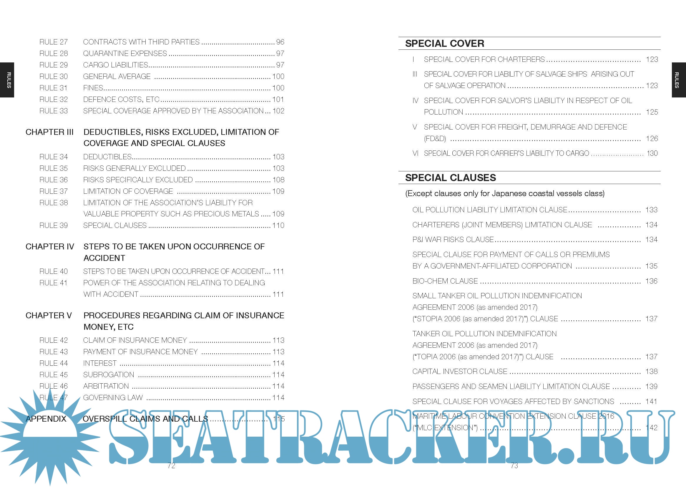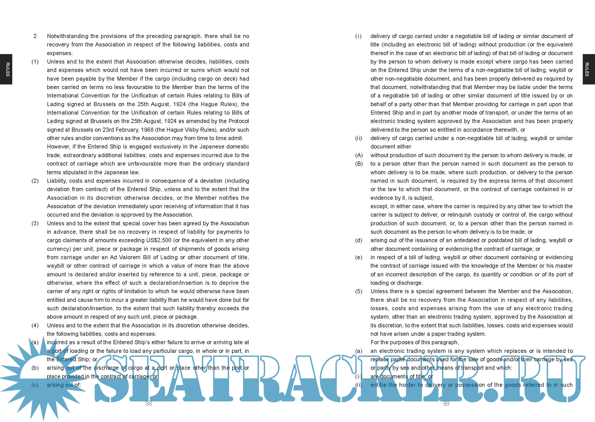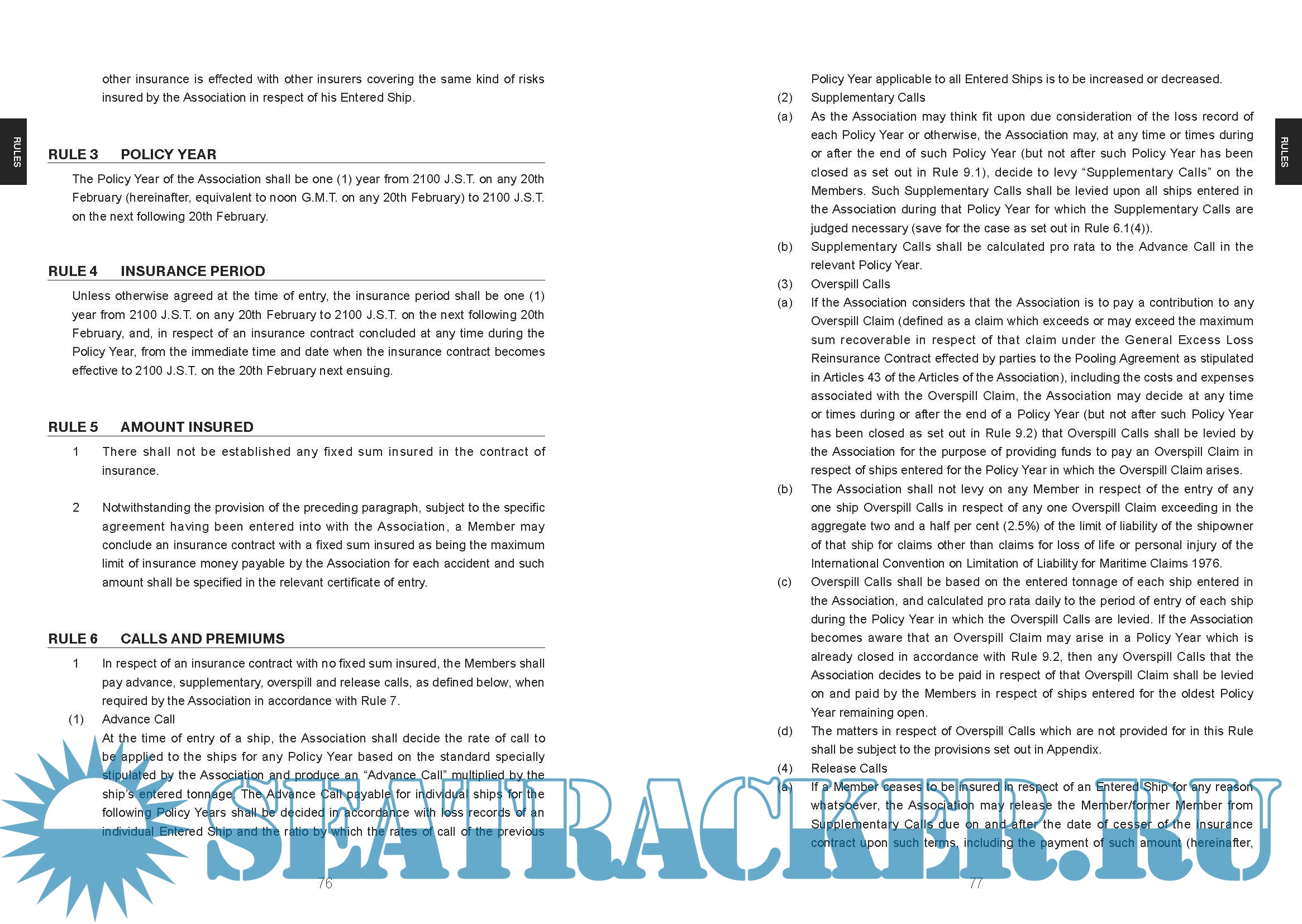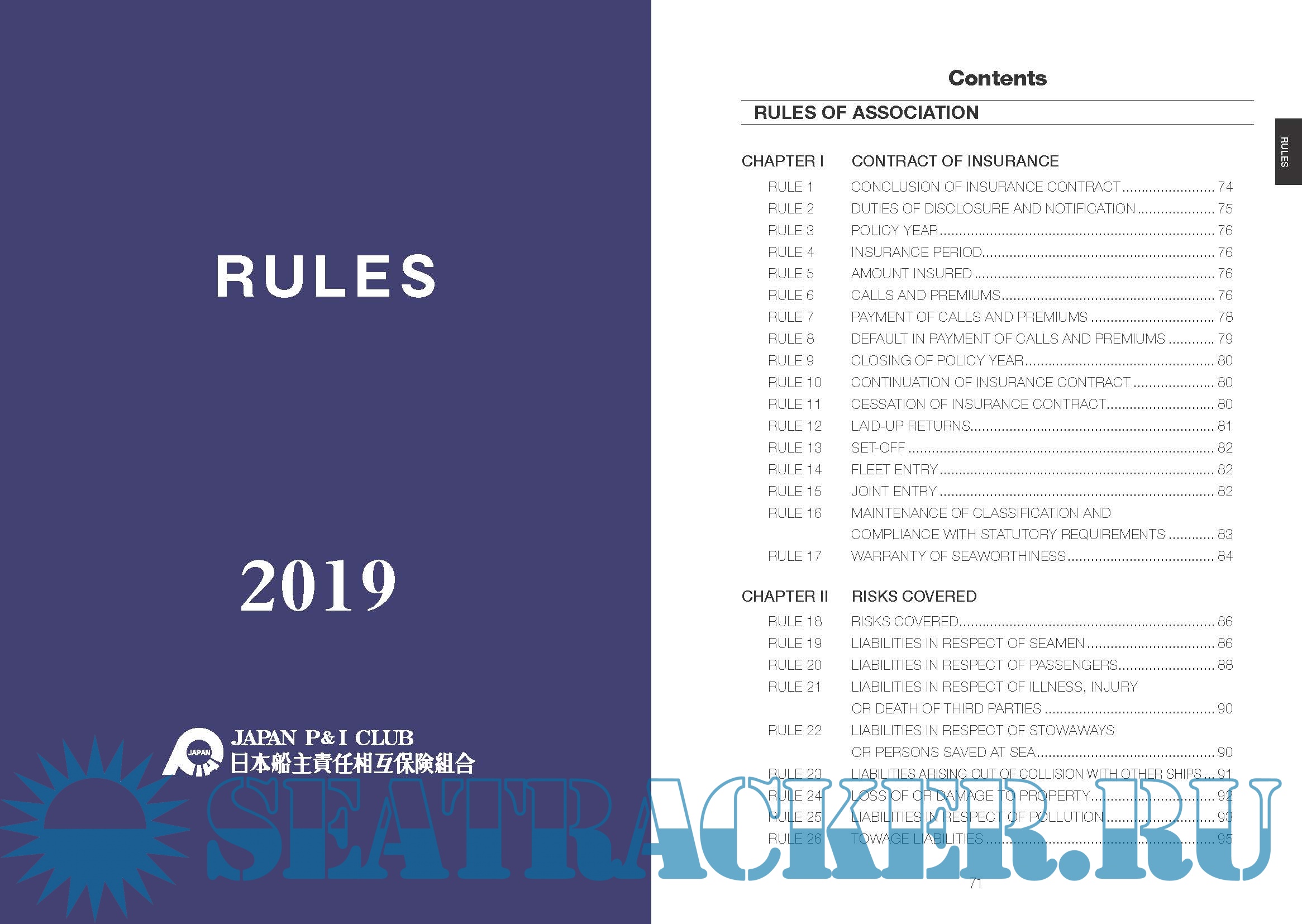 Year: 2019 Language: english Author: Japan P & I Genre: Convention (rules) Format: PDF Quality: eBook Pages count: 38 Description: Any person desiring to insure his ship shall submit to the Association an application form (hereinafter including an “Application for Membership” which is to be submitted to the Association by a person becoming a Member) with his signature or seal affixed stating the ship which is a subject matter of insurance (hereinafter, meaning the ships defined as non-wooden steam or motor ships or other ships in “the Ship Law” or other laws and which are recognised as the ships by the Association, referred to as an “Entered Ship”) and other items specified therein. If and when the Association approved the application, the person shall pay a part or whole of calls or premiums.
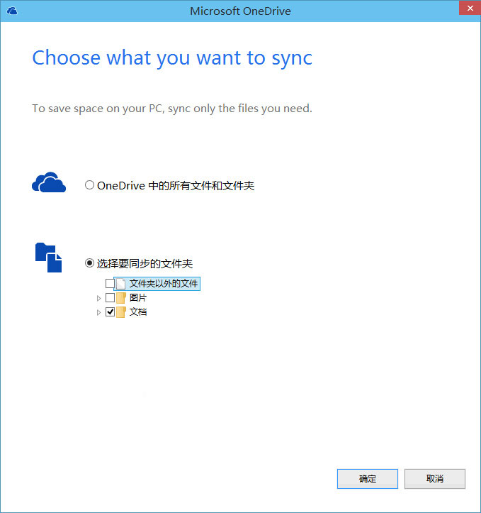 默认选中的是“OneDrive中所有的文件和文件夹”,修改成选中下面的“选择要同步的文件夹”,然后取消勾选你不想同步的文件夹即可。
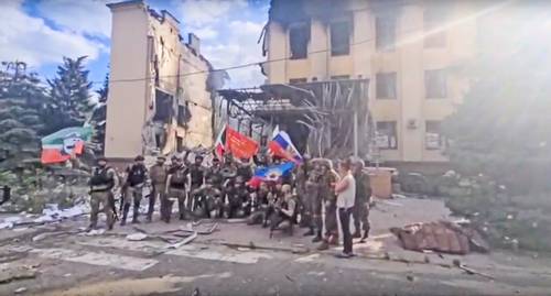 ▲ Tropas rusas, que incluyen soldados del regimiento checheno, se tomaron un video frente a un edificio de Lysychansik. Foto Telegram de Ramzan Kadyrov vía AP
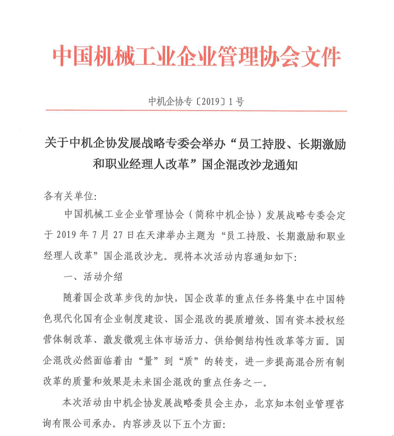 中機(jī)企協(xié)發(fā)展戰(zhàn)略專委會(huì)舉辦國(guó)企混改沙龍的通知
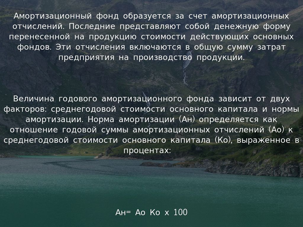 Величина годового амортизационного фонда зависит от двух факторов: среднегодовой стоимости основного капитала и нормы амортизации. Норма амортизации (Ан) определяется как отношение годовой суммы амортизационных отчислений (Ао) к среднегодовой стоимости основного капитала (Ко), выраженное в процентах:
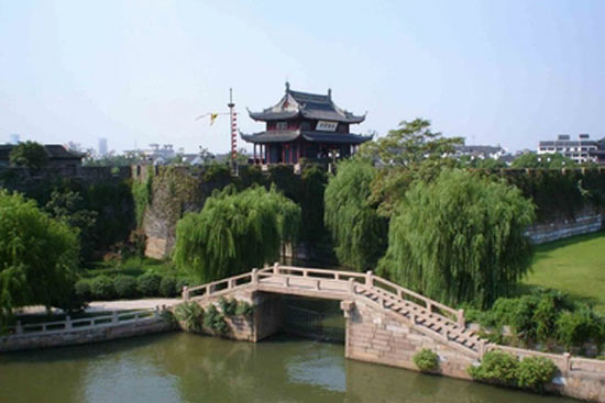 “盤門”始建于春秋吳國闔閭元年(公元前514年)。雖經歷代多次改筑,但位置基本未變。由于吳國在辰位,越國在已位,因此刻林木作蟠龍鎮(zhèn)北,面向越國,以示吳國征服越國之意,故名“蟠門”。后因水縈回交錯,改稱“盤門”。歷史上盤門一帶的繁華僅次于閶,胥二門。盤門是蘇州僅存的古城門遺跡,其水陸城門并存在全國已絕無僅有。今城垣是元至正十一年(公元1351年)所建。相傳,意大利的馬可波羅曾繞城巡視,并登城樓眺望。

- _What needs to be done_:
All of the entries must be reproduced exactly, apart from the pictures, which are to be dropped.

- _Response box_:
 Year: 2019 Language: english Author: Japan P & I Genre: Convention (rules) Format: PDF Quality: eBook Pages count: 38 Description: Any person desiring to insure his ship shall submit to the Association an application form (hereinafter including an “Application for Membership” which is to be submitted to the Association by a person becoming a Member) with his signature or seal affixed stating the ship which is a subject matter of insurance (hereinafter, meaning the ships defined as non-wooden steam or motor ships or other ships in “the Ship Law” or other laws and which are recognised as the ships by the Association, referred to as an “Entered Ship”) and other items specified therein. If and when the Association approved the application, the person shall pay a part or whole of calls or premiums.
 默认选中的是“OneDrive中所有的文件和文件夹”,修改成选中下面的“选择要同步的文件夹”,然后取消勾选你不想同步的文件夹即可。
 ▲ Tropas rusas, que incluyen soldados del regimiento checheno, se tomaron un video frente a un edificio de Lysychansik. Foto Telegram de Ramzan Kadyrov vía AP
 中機(jī)企協(xié)發(fā)展戰(zhàn)略專委會(huì)舉辦國(guó)企混改沙龍的通知
 Величина годового амортизационного фонда зависит от двух факторов: среднегодовой стоимости основного капитала и нормы амортизации. Норма амортизации (Ан) определяется как отношение годовой суммы амортизационных отчислений (Ао) к среднегодовой стоимости основного капитала (Ко), выраженное в процентах:
 “盤門”始建于春秋吳國闔閭元年(公元前514年)。雖經歷代多次改筑,但位置基本未變。由于吳國在辰位,越國在已位,因此刻林木作蟠龍鎮(zhèn)北,面向越國,以示吳國征服越國之意,故名“蟠門”。后因水縈回交錯,改稱“盤門”。歷史上盤門一帶的繁華僅次于閶,胥二門。盤門是蘇州僅存的古城門遺跡,其水陸城門并存在全國已絕無僅有。今城垣是元至正十一年(公元1351年)所建。相傳,意大利的馬可波羅曾繞城巡視,并登城樓眺望。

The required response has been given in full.